Sign in to post your reply or Sign up for a free account.

Similar topics

1
by: Scott | last post by:
I am new to perl, and have not found any good examples of parsing to help me out. I have a text file that I am reading into an array that has to be parsed out and put into another file. I have not...
8
by: Jean-Marie Vaneskahian | last post by:
Reading - Parsing Records From An LDAP LDIF File In .Net? I am in need of a .Net class that will allow for the parsing of a LDAP LDIF file. An LDIF file is the standard format for representing...
9
by: ankitdesai | last post by:
I would like to parse a couple of tables within an individual player's SHTML page. For example, I would like to get the "Actual Pitching Statistics" and the "Translated Pitching Statistics"...
4
by: Gary Wessle | last post by:
Hi how can I do this in C++ string myword; string get_word_from_this_url( url ){ bool flag = true; while flag; download this url and search for this word; if found; set flag to false;
3
by: aspineux | last post by:
My goal is to write a parser for these imaginary string from the SMTP protocol, regarding RFC 821 and 1869. I'm a little flexible with the BNF from these RFC :-) Any comment ? tests= def...
4
by: R Wood | last post by:
Greetings - A recent Perl experiment hasn't turned out so well, which has piqued my interest in Python. The project is this: take a Vcard file exported from Apple's Addressbook and use a...
13
by: Chris Carlen | last post by:
Hi: Having completed enough serial driver code for a TMS320F2812 microcontroller to talk to a terminal, I am now trying different approaches to command interpretation. I have a very simple...
1
by: worlman385 | last post by:
I need to parse the following HTML page and extract TV listing data using VC++ http://tvlistings.zap2it.com/tvlistings/ZCGrid.do any good way to extract the data? is easy for VC++ to call...
1
by: andrewwan1980 | last post by:
I need help in parsing unicode webpages & downloading jpeg image files via Perl scripts.

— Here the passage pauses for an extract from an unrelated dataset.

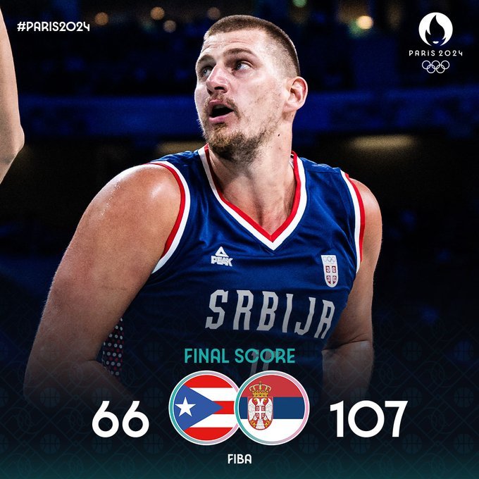 Την πρώτη της νίκη στους Ολυμπιακούς Αγώνες 2024 πανηγύρισε το βράδυ της Τετάρτης (31/07) η Σερβία, η οποία συνέτριψε με 107-66 το Πουέρτο Ρίκο, στο πλαίσιο της δεύτερης αγωνιστικής του τρίτου ομίλου. Έχοντας επτά παίκτες με διψήφιο αριθμό πόντων, οι «πλάβι» έκαναν επίδειξη δύναμης επί της ομάδας από την Καραϊβική από το ξεκίνημα κιόλας του αγώνα, φτάνοντας στο ροζ φύλλο με χαρακτηριστική άνεση.

I read http://www.cs.utk.edu/cs594ipm/perl/crawltut.html about using LWP or HTTP or get($url) functions &...
0
by: emmanuelkatto | last post by:
Hi All, I am Emmanuel katto from Uganda. I want to ask what challenges you've faced while migrating a website to cloud. Please let me know. Thanks! Emmanuel
0
BarryA
by: BarryA | last post by:
What are the essential steps and strategies outlined in the Data Structures and Algorithms (DSA) roadmap for aspiring data scientists? How can individuals effectively utilize this roadmap to progress...
1
by: Sonnysonu | last post by:
This is the data of csv file 1 2 3 1 2 3 1 2 3 1 2 3 2 3 2 3 3 the lengths should be different i have to store the data by column-wise with in the specific length. suppose the i have to...
0
by: Hystou | last post by:
There are some requirements for setting up RAID: 1. The motherboard and BIOS support RAID configuration. 2. The motherboard has 2 or more available SATA protocol SSD/HDD slots (including MSATA, M.2...
0
by: Hystou | last post by:
Most computers default to English, but sometimes we require a different language, especially when relocating. Forgot to request a specific language before your computer shipped? No problem! You can...
0
Oralloy
by: Oralloy | last post by:
Hello folks, I am unable to find appropriate documentation on the type promotion of bit-fields when using the generalised comparison operator "<=>". The problem is that using the GNU compilers,...
0
by: Hystou | last post by:
Overview: Windows 11 and 10 have less user interface control over operating system update behaviour than previous versions of Windows. In Windows 11 and 10, there is no way to turn off the Windows...
0
tracyyun
by: tracyyun | last post by:
Dear forum friends, With the development of smart home technology, a variety of wireless communication protocols have appeared on the market, such as Zigbee, Z-Wave, Wi-Fi, Bluetooth, etc. Each...
0
agi2029
by: agi2029 | last post by:
Let's talk about the concept of autonomous AI software engineers and no-code agents. These AIs are designed to manage the entire lifecycle of a software development project—planning, coding, testing,...

By using Bytes.com and it's services, you agree to our Privacy Policy and Terms of Use.

To disable or enable advertisements and analytics tracking please visit the manage ads & tracking page.